Habitats and Ecosystems A HABITAT is the place where an organism lives. Habitats provide Food, Water, and Shelter. Abiotic means non-living parts of an ecosystems, such as temperature, water, soil, and sun. Biotic means living or once-living things. Rabbits, grass, dead trees, all are BIOTIC All BIOTIC and ABIOTIC factors in an area make up an ECOSYSTEM.

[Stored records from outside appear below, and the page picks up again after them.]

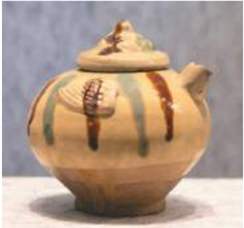
秦淮河西水关出土的唐代长沙窑青釉褐绿彩瓷壶。

隋唐至宋元，经历短暂的低潮后，南京长江文化有了新的发展。隋唐时期，南京繁华与衰落的对比孕育出许多“金陵怀古”作品，如刘禹锡的《乌衣巷》、杜牧的《泊秦淮》、李白的《金陵三首》。南唐定都南京，扩建城邑重建金陵，南京城形成滨江格局。 展厅中有一组秦淮河西水关出土的长沙窑瓷器，器型多样，主要为碗、盘、罐等生活用器，大部分为青黄色釉，装饰题材丰富，其中以褐绿彩绘花鸟图案最为精彩。这批瓷器的出土说明秦淮河是唐代南京重要的航道，贸易运输频繁。 宋元时期，南京为江南重镇，特别是宋代政治中心南移后，南京作为临安（今杭州）的陪都，城市经济得以复苏，为后来明王朝定都南京奠定了基础。 1368年，朱元璋在南京称帝，国号大明，南京第一次成为统一王朝的都城。明代沐家算是顶级豪门。沐英作为朱元璋的养子，受命平定云南后便世代镇守云南，家族世袭黔国公爵位，历经十二代、十四任，贯穿明朝始终。 沐氏家族墓地位于南京将军山，墓中出土的嵌宝石金钿、葫芦形金盒等极其奢华。嵌宝石镶玉金带板和嵌宝石金盒的主人都是沐启元，他是最后一位归葬金陵的黔国公。金带板共20块，以累丝工艺制成，中间镶玉，周围镶嵌一圈红、蓝宝石和珍珠。珍珠已风化，仅余空托。金盒为多面体，每个面镶嵌着红、蓝宝石，有个卡口推测可以打开，内部可能装有香料或丹丸等。 明代奉行“以德睦邻”外交政策，明成祖、明宣宗先后派遣郑和下西洋，航迹遍及南亚、西亚、东非。据记载，郑和船队中的大型海船长四十四丈四尺，宽十八丈，有九桅十二帆，可乘坐一千人。郑和下西洋的船只为南京宝船厂制造，这是明代最重要的官办造船机构。展览中的木榑、木桨等船用构件，令人管窥南京宝船厂的制造技艺。郑和船队自南京龙江关七下西洋，留下了彪炳史册的壮举，长江文化与海洋文化交融，形成了绚丽夺目的画卷。 南京，伴随着中华文明的历史进程，从秦淮河源头的江南聚落发展为中国统一王朝的首都，并沿着长江走向海洋，汇入滚滚浪潮中。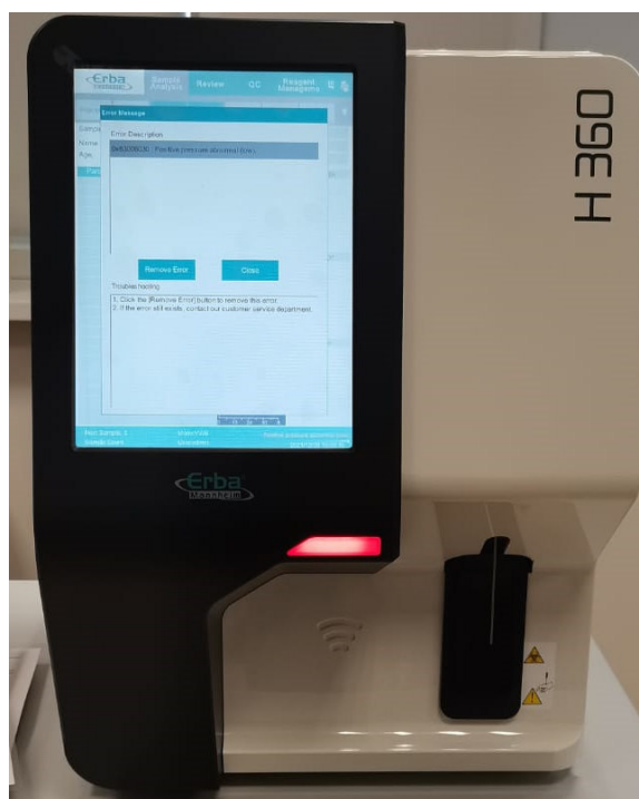
а) Модель H 360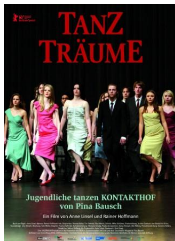
Fig. 16 – Cartaz do filme Tanzträume

adolescentes foram para o lançamento de Tanzträume , em Berlim.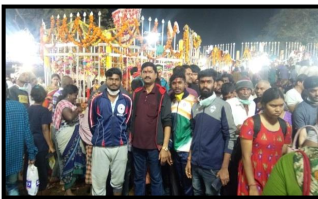
NSS Volunteers in Sammakka Jhathara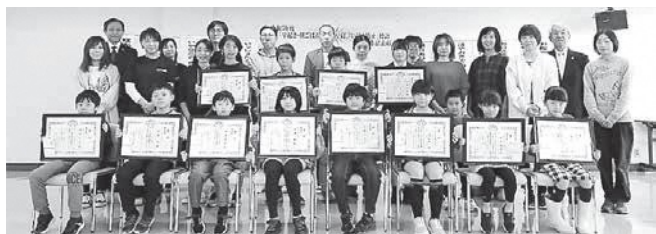
10月21日(土) 生涯学習センターでの表彰式の様子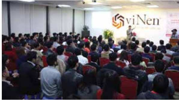
Hàng nghìn lượt lãnh đạo doanh nghiệp đã tham dự 168 chương trình Cafethunam (tính đến tháng 7 năm 2021)

K hởi nghiệp là công cuộc. Doanh nhân khởi nghiệp là người không biết mệt mỏi, không biết thỏa mãn giấc mơ. Con đường này khép lại, một chặng đường mới mở ra chờ đón họ chinh phục. Họ luôn là hiện thân, là linh hồn, là trái tim hòa nhập cùng nhịp đập của tổ chức để lan tỏa, để kết nối cùng hàng vạn trái tim khác trong một bản giao hưởng mang đầy chất sử thi và anh hùng ca, đó là những trái tim của tinh thần khởi nghiệp kinh doanh - trái tim của những doanh nhân.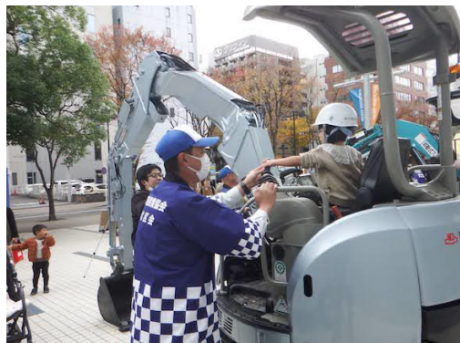
屋外 港北区会ブース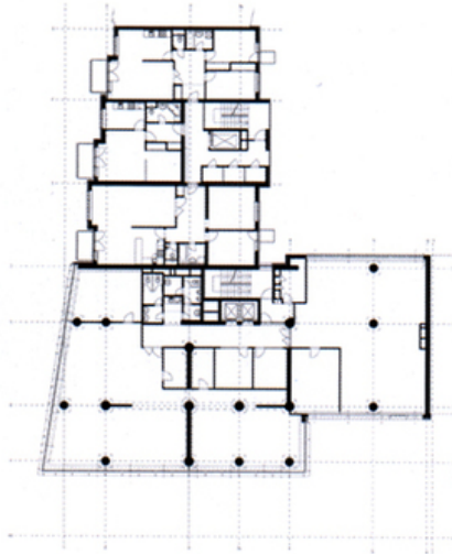
Pôdorys 6. NP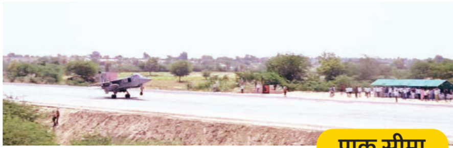
ट्रांसपोर्ट एयरक्राफ्ट और एंटीनोव एन-32 ट्रांसपोर्ट एयरक्राफ्ट उतरा। यह विमान 55 डिग्री सेल्सियस तापमान में भी उतर सकता है। पश्चिमी सीमा पर गर्मी के मौसम में तापमान 50 डिग्री सेल्सियस

बेधडक | जयपुर भारत-पाकिस्तान सीमा से करीब 40 किलोमीटर दूर राष्ट्रीय राजमार्ग संख्या-925ए पर सोमवार को भारतीय वायुसेना के लड़ाकू विमान उतरे। सांचौर-बाड़मेर जिले से सटे अगड़वा से गुजर रहे इस राष्ट्रीय राजमार्ग पर बनी आपातकालीन लैंडिंग फील्ड पर सबसे पहले लड़ाकू विमान तेजस को टच एंड गो किया गया। इसके बाद तेजस उतरा। इसके बाद लड़ाकू विमान जगुआर और फिर सुखोई-30 सहित अन्य विमान उतारे गए। दोपहर में सी-295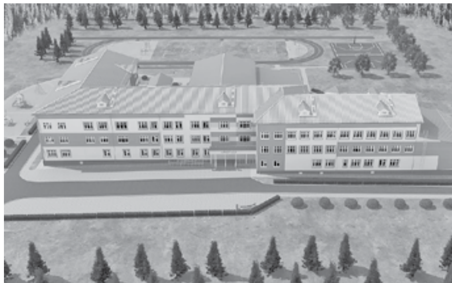
Второй этап строительства начнется уже зимой 2020 года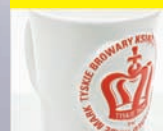
wypukły Embossed imprint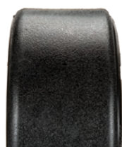
13 po lisse Polyrésine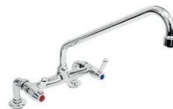
Torneira Parede com Bica PRÉ - RINSE 69.100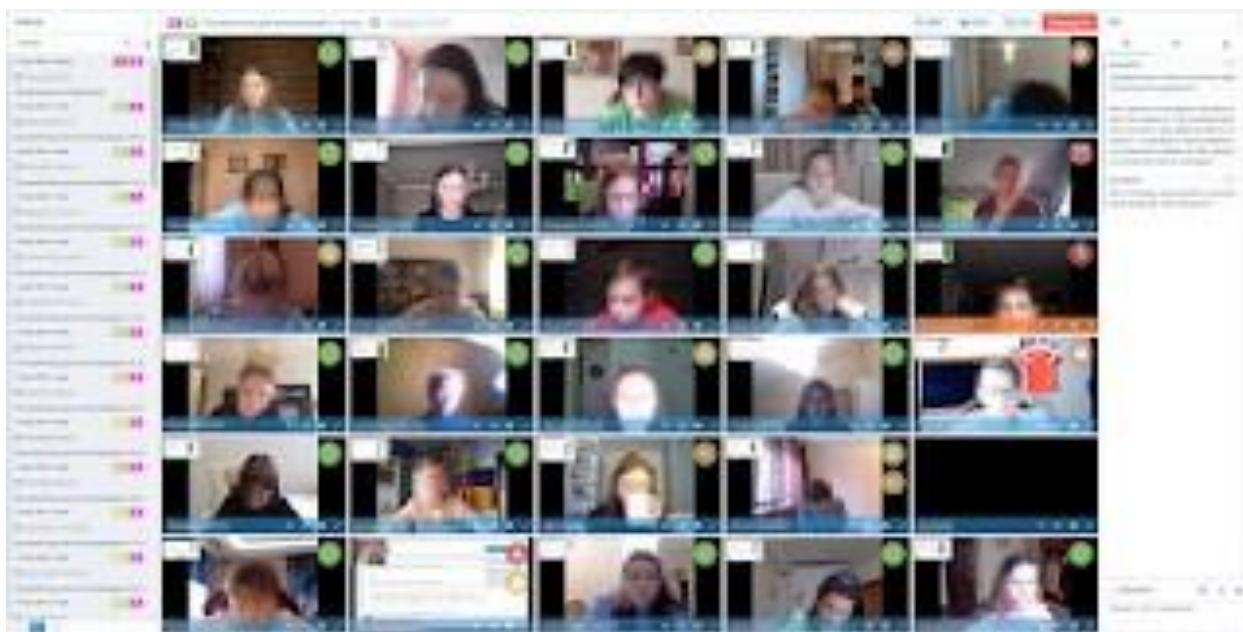
Рисунок 2 — Интерфейс наблюдения

Каждый проктор может наблюдать до 10 сеансов одновременно (рисунок 2). Чем мощнее компьютер и быстрее интернет, тем больше сеансов можно отобразить одновременно.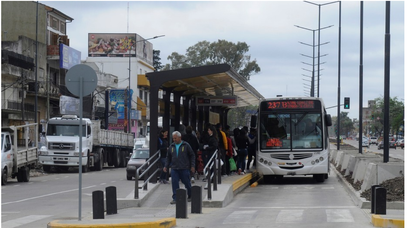
Metrobus ruta 8. Atraviesa los partidos de San Martín y Tres de Febrero.

Funciona mejor en el tramo de Tres de Febrero que en el de San Martín.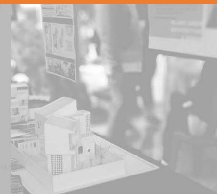
Formasi Model Kerja Mahasiswa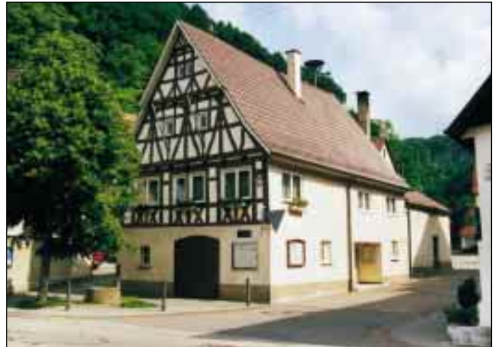
Das Rathaus in Gutenberg

So ist Lenningen heute eine landschaftlich reizvoll gelegene Gemeinde mit schönen Wohngebieten, einem guten Arbeitsangebot und einer Infrastruktur, die vom Kindergarten über Schulen, Mehrzweckhallen bis hin zu den traditionellen Backhäusern und einem reichen Vereinsleben ihren Bürgerinnen und Bürgern viel Lebensqualität und ihren Besuchern viel Sehenswertes bieten kann.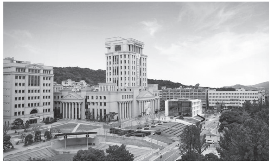
▲과거 광역모집제를 실시했으나, 현재는 인문과학계열을 제외하고 모두 폐지한 한국외대

본교 사례를 보면 광역모집제를 시행하는 자체는 큰 문제가 없어 보인다. 그러나 중앙대를 포함한 다른 대학교에서는 아직도 갈등이 끊이지 않고 있다. 한국외대는 2014년에 사회과학계열, 동서양어대, 인문과학계열로 광역모집을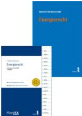
Kombipaket Energierecht und FlexLex Energierecht Ladenpreis: 48,00EUR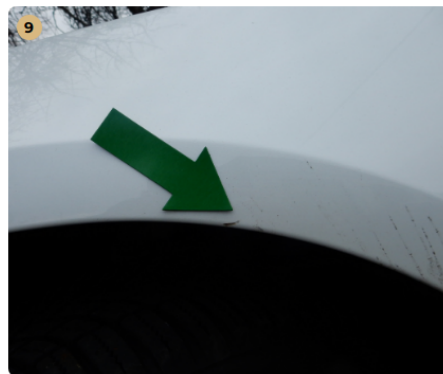
9 ! bal első sárvédő Kisebb húzásnyom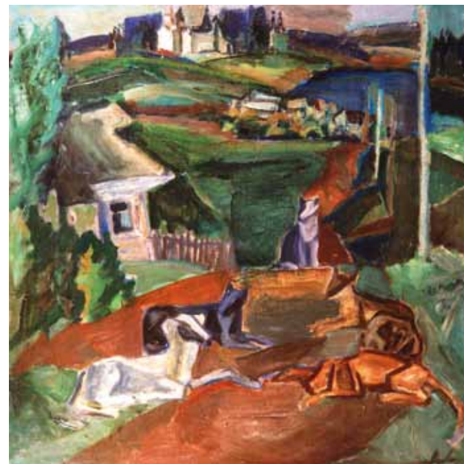
"Дорога через деревни". 1992

Академизм школы в XX веке как бы подвергается сомнению (не направление в живописи, а именно академизм школы), а он призван обеспечить художнику фундамент профессионального опыта, привить основы профессиональной этики, основы взаимоотношений художника и материала, воспитать в молодом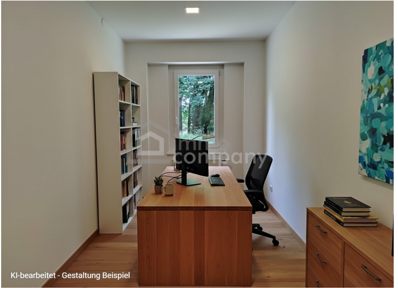
KI-bearbeitet - Gestaltung Beispiel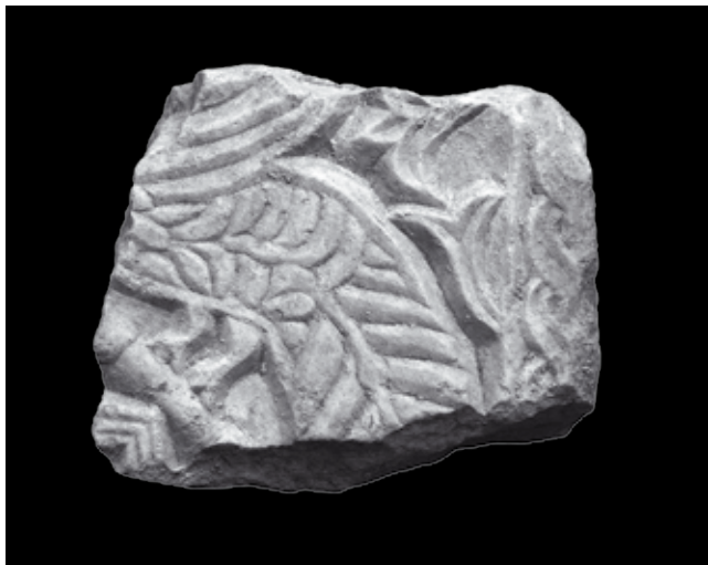
9. Ulomak arkade ciborija, Kotor, Lapidarij Sv. Mihajla Fragment of the ciborium arcade, lapidarium of St Michael's church in Kotor

sinusoidne vitice s krupnim trolisnim cvjetovima. Voluminozno i zaobljeno modelirana stabljika, bez uobičajene troprute podjele, podsjeća na langobardske reljefe 8. stoljeća ukazujući na početnu fazu u razvoju predro-

ECOSYSTEMS GRASSLAND – mainly covered in grass. More rain than a desert. Home to large plant eaters such as buffalo or elephants. Ex. Prairie DESERT – Hot days, cold nights, little or no rain. Sandy or rocky soil. Home to reptiles, cacti, scorpions, hawks. TROPICAL RAIN FOREST – Lots of different trees and flowers. Warm and rainy all year. Jaguars, monkeys. TUNDRA – Cold. Frozen soil. Not much rain.

Populations A population is all the members of ONE species living in an AREA. A food web is many food chains linked together. COMPETITION happens when organisms fight over food, space, or water. Almost all food chains start with the sun.

Consumers and Producers A CONSUMER cannot make its own food and must eat other organisms to stay alive. A PRODUCER (plants) can make its own food from sunlight. A PREDATOR is a consumer that kills other animals to eat. A DECOMPOSER breaks down and eats dead things.

HUMAN IMPACTS POLLUTION is anything that humans add to the environment, such as from factories or housing developments, that harms the environment. CONSERVATION means protecting habitats or limiting hunting.